У нас нет сведений о том, как отразились на взаимоотношениях братьев события 14 декабря 1825 года, которые их обоих потрясли. О том, как воспринял восстание декабристов Пушкин, написано уже много. Некоторые данные сохранились и об отношении к этим событиям Льва Сергеевича.
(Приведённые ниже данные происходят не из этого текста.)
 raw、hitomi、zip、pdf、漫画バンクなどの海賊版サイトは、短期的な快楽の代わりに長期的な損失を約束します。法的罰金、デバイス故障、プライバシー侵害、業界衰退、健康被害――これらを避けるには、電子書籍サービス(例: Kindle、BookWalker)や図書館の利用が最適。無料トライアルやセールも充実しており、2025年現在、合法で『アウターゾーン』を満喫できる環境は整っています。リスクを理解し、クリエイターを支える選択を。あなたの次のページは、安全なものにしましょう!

В воспоминаниях М. И. Осиповой имеется такой рассказ: "Кстати, брат Пушкина Лев, как рассказывал потом отец его, в день ареста Рылеева поехал к нему, отец случайно узнал об этом, стал усердно молиться, страшась, чтобы сын его также не был взят; и что ж, Льва Пушкина понесли лошади, он очутился на Смоленском, и когда добрался до Рылеева - тот был уже взят".
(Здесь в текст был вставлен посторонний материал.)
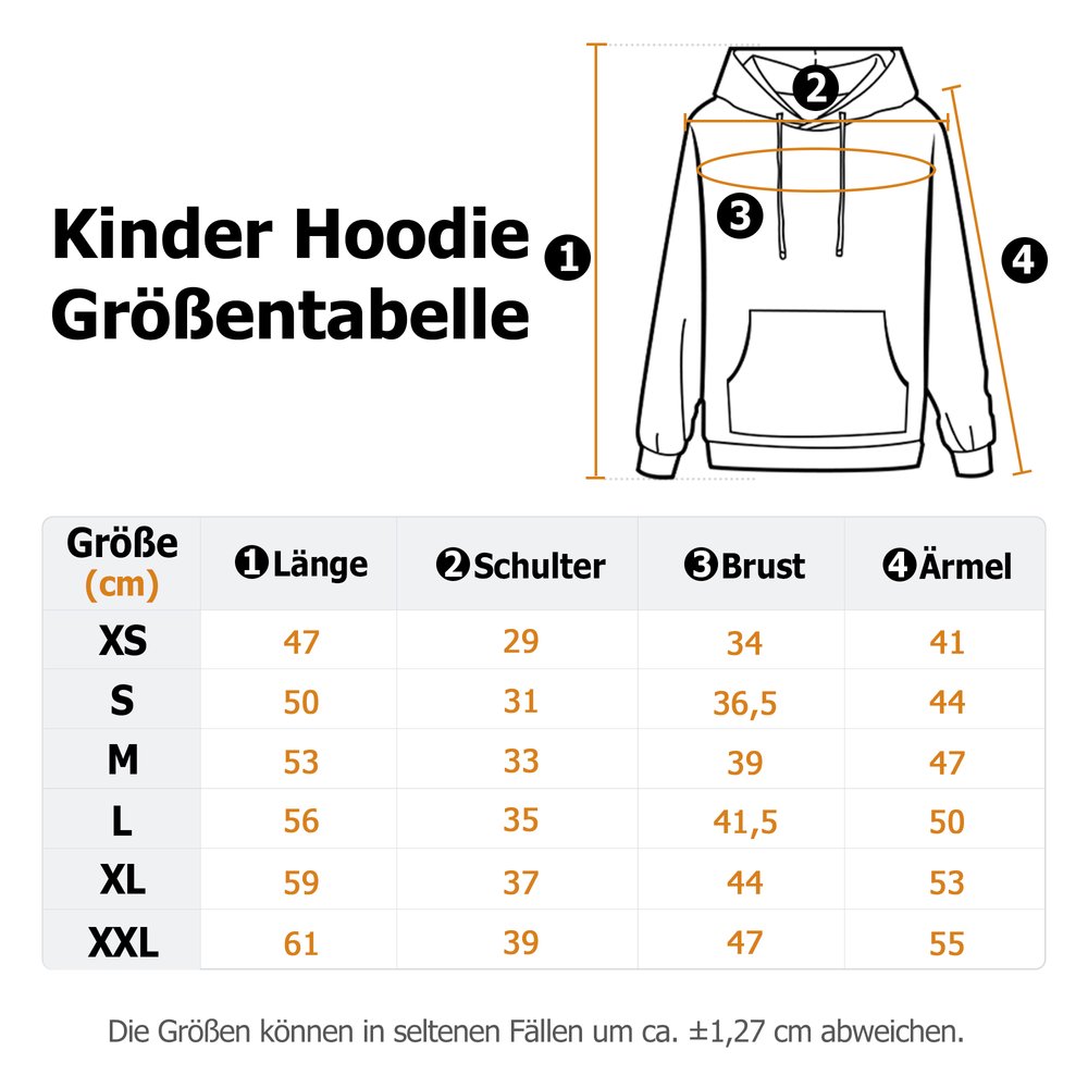 | Größe: | Sweatshirt für Kinder – XS, XS, S, M, L, XL, 2XL Sweatshirt für Erwachsene – XXS, XS, XS, S, M, L, XL, 2XL, 3XL Kapuzensweatshirt für Kinder – XS, XS, S, M, L, XL, 2XL Kapuzensweatshirt für Erwachsene – XXS, XS, XS, S, M, L, XL, 2XL, 3XL |

Из показаний В. К. Кюхельбекера известно, что Л. С. Пушкин участвовал в событиях 14 декабря на Сенатской площади, но пришел туда, по выражению Кюхельбекера, "из одного ребяческого любопытства". И хотя он был в это время вооружен палашом, отнятым у жандармов, его не привлекли к следствию по делу декабристов.
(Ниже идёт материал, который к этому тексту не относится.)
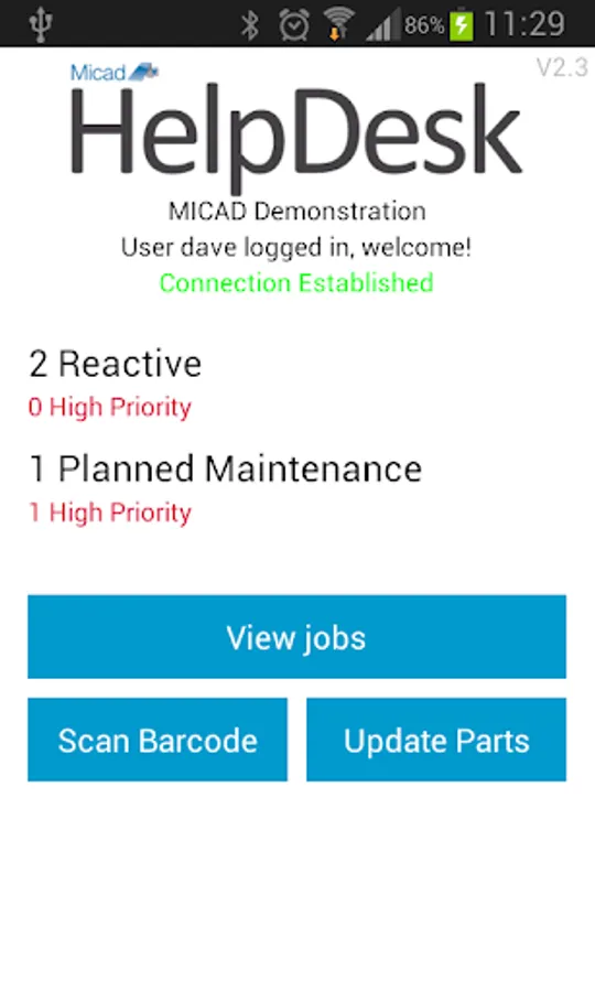 Reactive and Soft Services Helpdesk companion app for Micad Helpdesk

Есть сведения, что еще раньше А. С. Пушкин посвятил брата в свой план тайно поехать в Петербург в декабре 1825 года.
Не позднее лета 1826 года Лев Сергеевич, запутавшись в своих амурных и денежных делах, угнетенный недовольством его поведением со стороны родных и в особенности Александра Сергеевича, решил разом разрубить сложившийся узел, бросить службу в департаменте и уйти юнкером в армию. Как следует из дела № 7680а, 5 июня 1826 года Сергей Львович обратился к царю Николаю I с просьбой выдать его сыну нужные документы. Хлопоты эти заняли много времени, и вопрос о поступлении в армию был решен только к весне 1827 года.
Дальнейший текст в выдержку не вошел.